Reducing Your Data Footprint

Your growing network-stored data is not only a headache to manage, it’s a target for data breaches. But before you can implement any measures to move files to secure locations, archive files that need to be retained, or delete files that are no longer relevant, you need to identify what you’re storing. With terabytes or even petabytes of stored unstructured data, this is a challenging objective.

Reducing the Amount of Unstructured Data

Reducing the amount of unstructured data stored on your network is beneficial in several ways. From a cost reduction standpoint alone it can reduce backup times, lower hardware and utility expenses, and other management costs. Furthermore, it can reduce your risk of exposure. Specifically, the more terabytes of data stored, the more likely that some of those files will contain sensitive information that could be at risk for being breached.

Let Your Data Owners Help

The scenario is all too common. IT is tasked with managing data, including managing data growth and storage locations, but lacks the knowledge to determine which files to move to more secure locations, which files are no longer relevant and to delete, which files to archive, permissions to change on network folders, etc. Effective data management, data cleanup, and data compliance requires cooperative input from both IT and those that know the data it is tasked with managing – the data owners.

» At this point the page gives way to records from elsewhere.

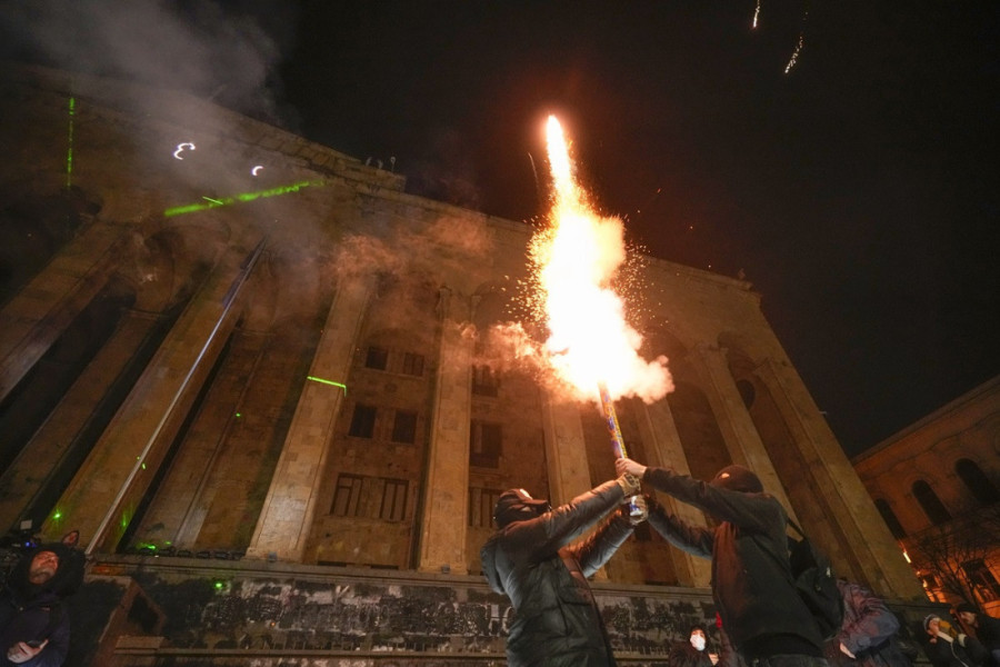 Agencija RIA Novosti je ranije prenela da su demonstranti u Tbilisiju sloganima "okitili" jelku koju su vlasti postavile u blizini parlamenta na aveniji Rustaveli, a u ponoć po lokalnom vremenu su u blizini zgrade ispalili vatromet.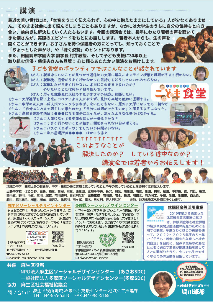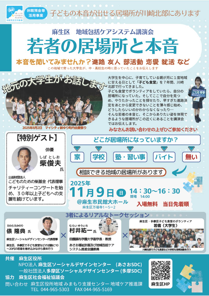 麻生区地域包括ケアシステム講演会 若者の居場所と本音を聞いてみませんか 20251109 14:30-16:30
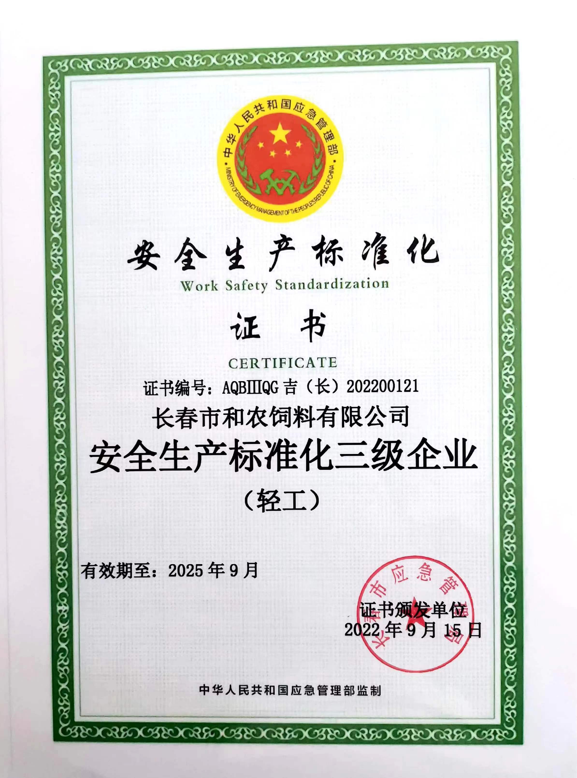 和農(nóng)牧業(yè)集團下屬公司 長春市和農(nóng)飼料有限公司榮獲由長春市應(yīng)急管理局頒發(fā)、中華人民共和國應(yīng)急管理部監(jiān)制的“安全生產(chǎn)標(biāo)準(zhǔn)化三級企業(yè)”證書,標(biāo)志著長春和農(nóng)飼料安全生產(chǎn)標(biāo)準(zhǔn)化建設(shè)邁上新臺階。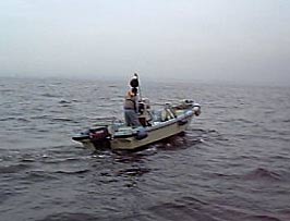 ということでボートを出したのは8時半頃。準備OK、さて出港って時から雨が降り出しました。カッパは持ってこなかったのでウインドブレーカーで我慢します。雨に濡れながら中ノ瀬へ向かいます。到着すると遊漁船はおらずプレジャー3艇のみ。とりあえず最近好きなブイ超際でショットガン。2発目でキワにドンピシャで落ちました。上げてみると、まぁまぁサイズのメバル4匹です。
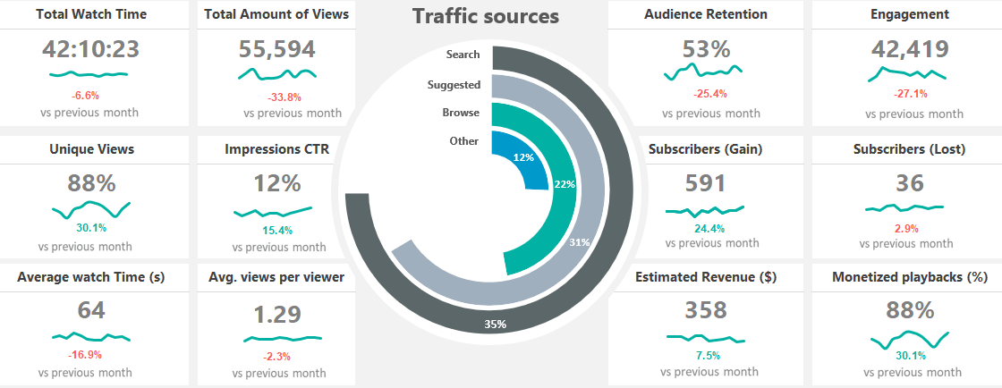 Tất cả các loại biểu đồ và bảng biểu cũng được trình bày trong cùng một trang, nhờ vậy nên việc phân tích các báo cáo được dễ dàng hơn khi bạn có thể theo dõi cùng lúc. Với tất cả những biểu đồ quen thuộc và có thể tùy chỉnh để có thể xem được những thông tin theo mong muốn mà công việc đọc hiểu báo cáo được đơn giản hơn.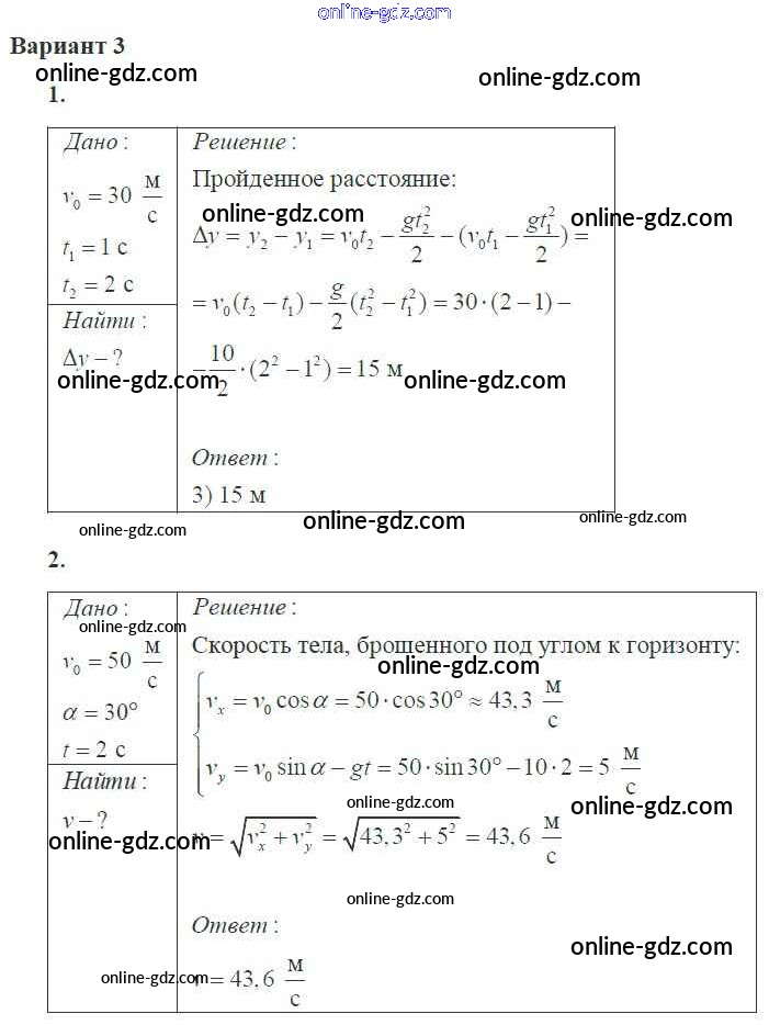 Готовые домашние задания по Физике за 10 класс Самостоятельные и контрольные работы Ерюткин, Ерюткина Базовый и углубленный уровень 2018 - СР №7 Кинематика 3
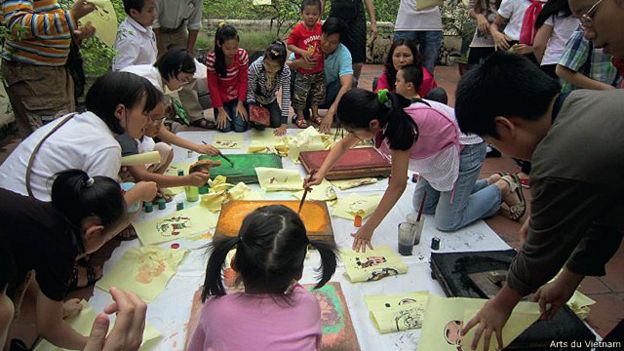 Hoạt động thiếu nhi học làm tranh Đông Hồ, ảnh của Nguyễn Thị Thu Hương,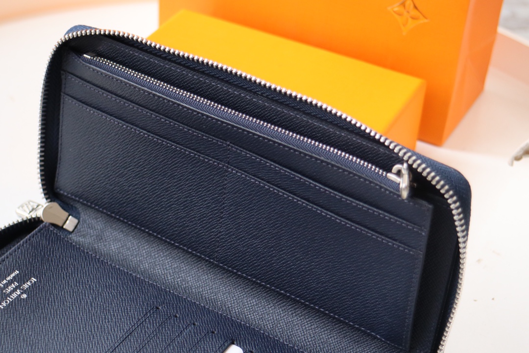 Elegant men’s vertical zip wallet in durable Damier Graphite canvas. Multiple practical pockets and compartments easily hold cash, credit cards and change.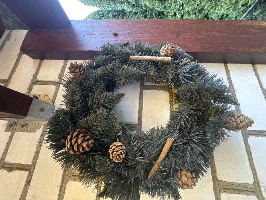 - "The image displays an artificial dark green wreath adorned with multiple light brown pinecones and at least two cinnamon sticks" by FM-osXZC2, licensed under CC BY 4.0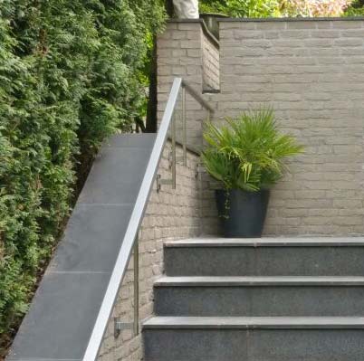 - Rechthoek: een moderne, rechthoekige, roestvrijstalen leuning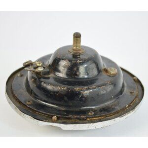 Horn appears to be OEM, not a reproduction. Has some glue stuck on the front (see pics) - I did not try to clean off. Possibly has some small areas of denting (metal might be pushed in lightly in a couple areas - kind of hard to tell though). Horn is UNTESTED and sold AS-IS FOR PARTS OR REPAIR. Measures 5.5 inches in diameter.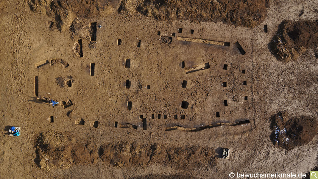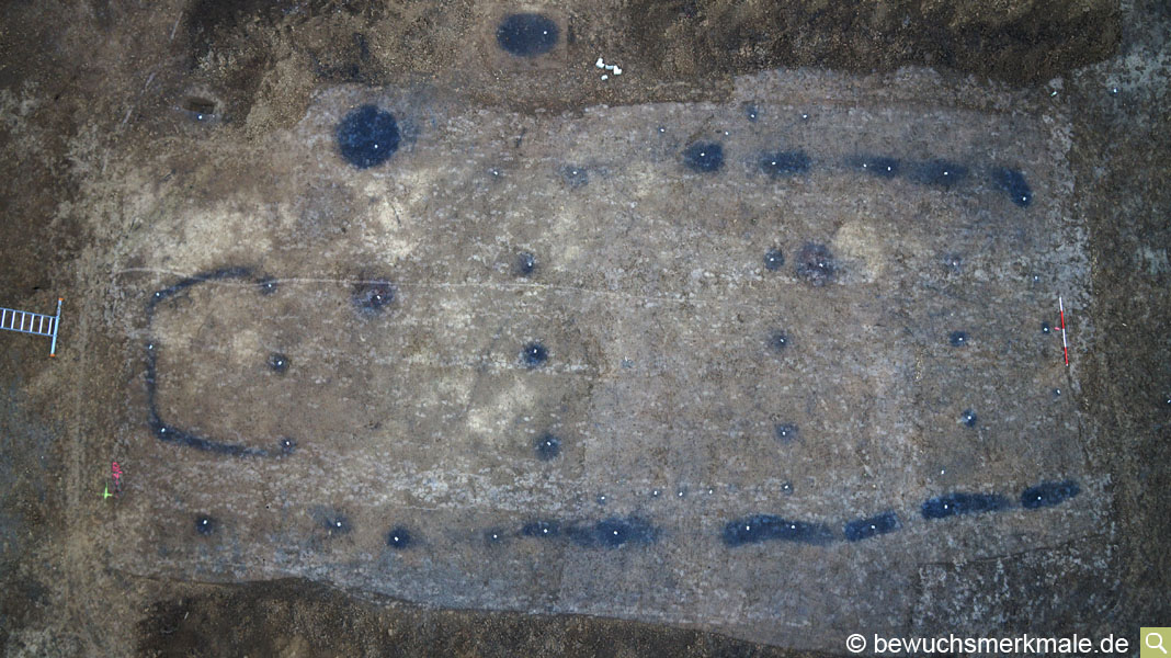ungestörter Hausgrundriss aus der Mittleren Jungsteinzeit durch dunkle Verfärbungen im hellen Lößboden ab. Der von der Ausgrabungsfirma geputzte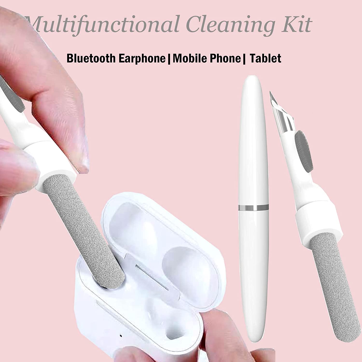 1.Separate double-head design: three-in-one earphone cleaning kit, with flocking sponge, high-density brush and metal nib, double-head hidden design, to meet a variety of cleaning needs.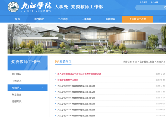 师德师风建设是高校一项持续性、长期性和系统性的工作。2022年,九江学院以学习贯彻党的二十大精神为主线,以贯彻落实《关于完善高校教师思想政治和师德师风建设工作体制机制的指导意见》为抓手,完善教师思想政治和师德师风制度规范,强化师德考核评价和激励,综合应用多种措施强化教师师德师风长效建设,引导教师成为思想文化的传播者,党执政的坚定支持者,学生健康成长的指导者和引路人,推动教师思想政治和师德师风建设工作再上新台阶。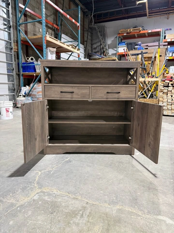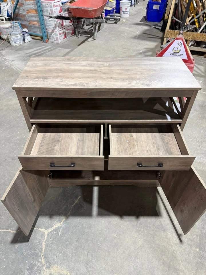 Selling two beautiful dark wood storage cabinets in excellent condition. They are sturdy, clean, and perfect for many uses around the house. Features: 2 smooth sliding drawers, large cabinet with shelf inside, open top shelf for storage or decor, modern black handles, strong and well built, nice dark wood finish that matches most homes. Price: $400 each or $750 for both.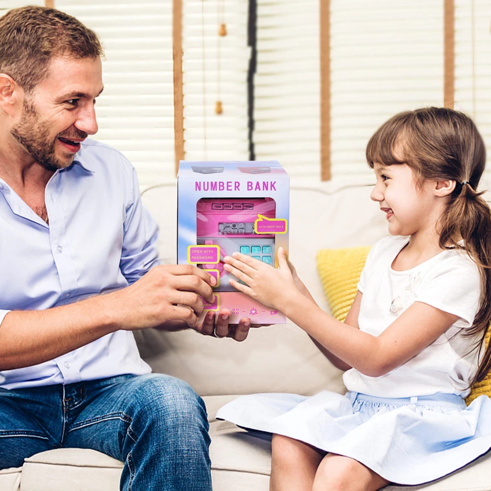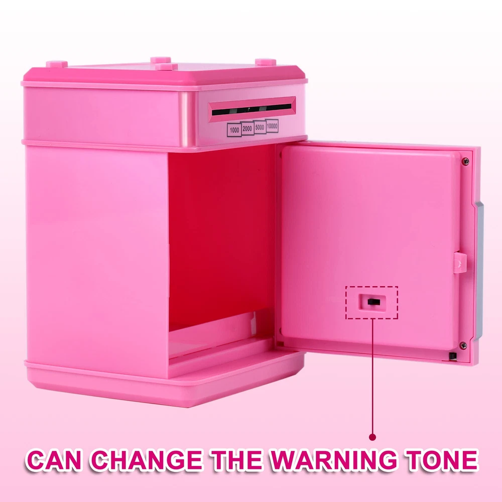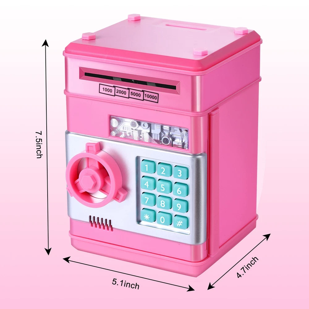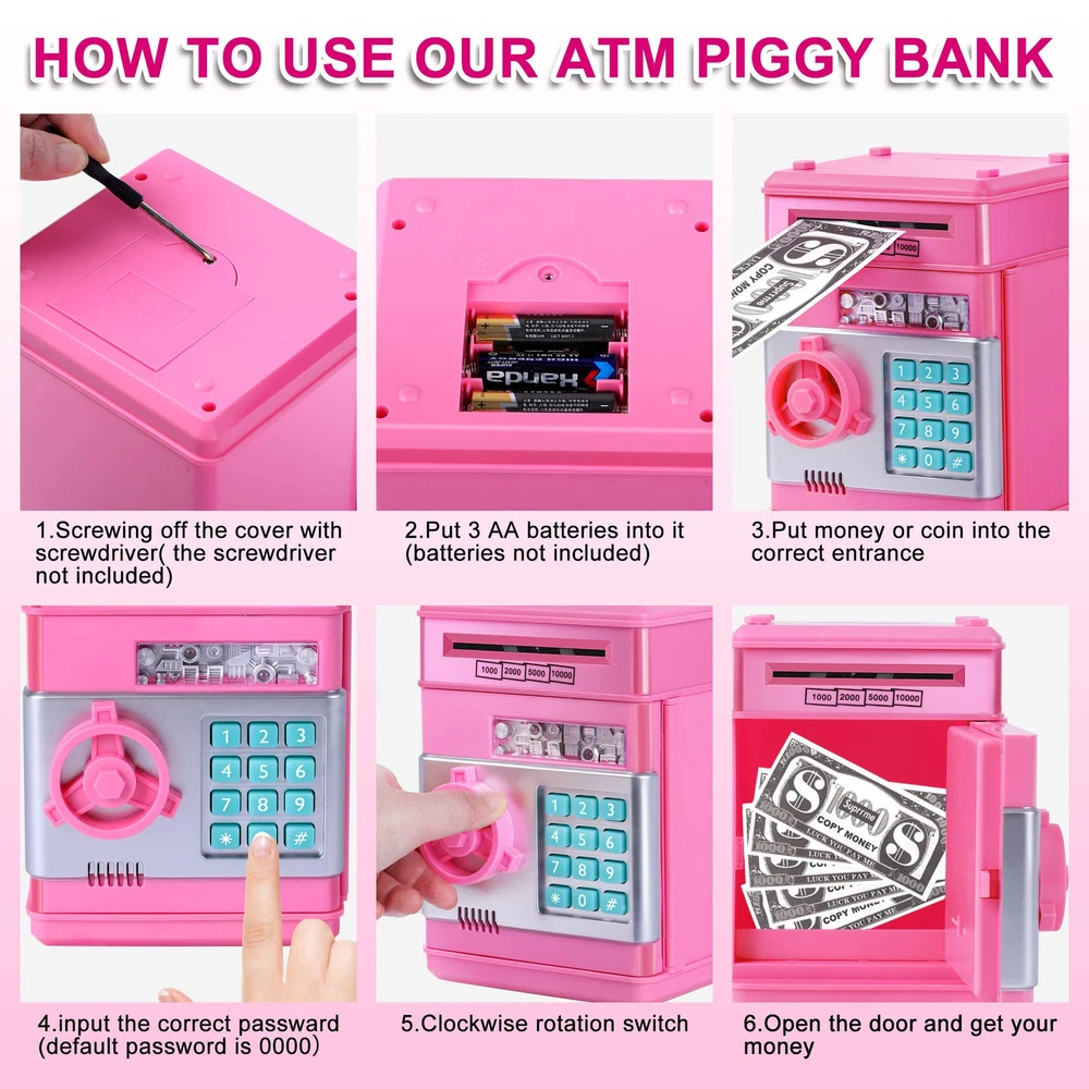 High Quality Materials: Our "money safe"box made of ABS plastic,safe design, sturdy and not break easily, passed multiple safety test.Powered by 3 * AA batteries (not included). If you have questions about the product, please contact us High Capacity Cash Box:Our this electric atm savings bank can store 600 pieces of coins or 100 pieces of paper money.Piggy bank can encouraged kids to start saving money and help them develop a good habit of using money more organized.Note:The money in the picture are prop money, not real money. Money Storage Method: ① Put the banknotes on the reel opening of the piggy bank, it will be automatically rolled in; ② There is a coin slot on the top to put coins to save money.(But it doesn't work if the paper is too old or too soft) Password Piggy Bank: This coin bank require 4-digit password protection to open the piggy bank (Default password is 0000),kids can set a new password as they like.If forgot, just remove the batteries for more then 15 mintures, it will back to Default Perfect Kids Toy: This money bank makes a great birthday and Christmas gift for young children, new moms, or expecting moms. Add this saving bank to your kids gift registry today!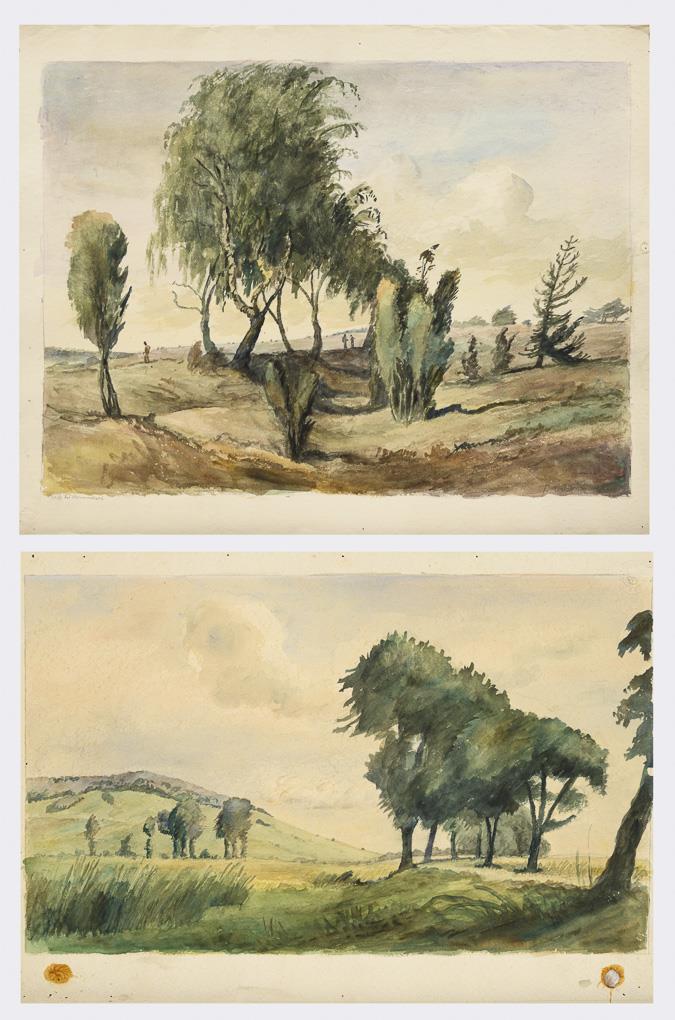 Verschiedenen Landschaften teils mit Staffage unter wolkigem Himmel. Dazu Konvolut an Drucken zu verschiedenen Werken des Malers. Kleine Nadellöcher sowie kleine Knicke und Risse an den Rändern und in den Ecken außerhalb des Bildfeldes.

The Right Tools for the Job

IT departments are looking for tools that identify the petabytes of stored data across the enterprise including all metadata and presents it in a way that is easy to understand. For compliance, they need to know who can access high-value targets and all folders that a specific user has access to. And because they are always strapped for time, they want a flexible, automated way to take needed action including cleaning up data, moving it, changing access permissions, and more.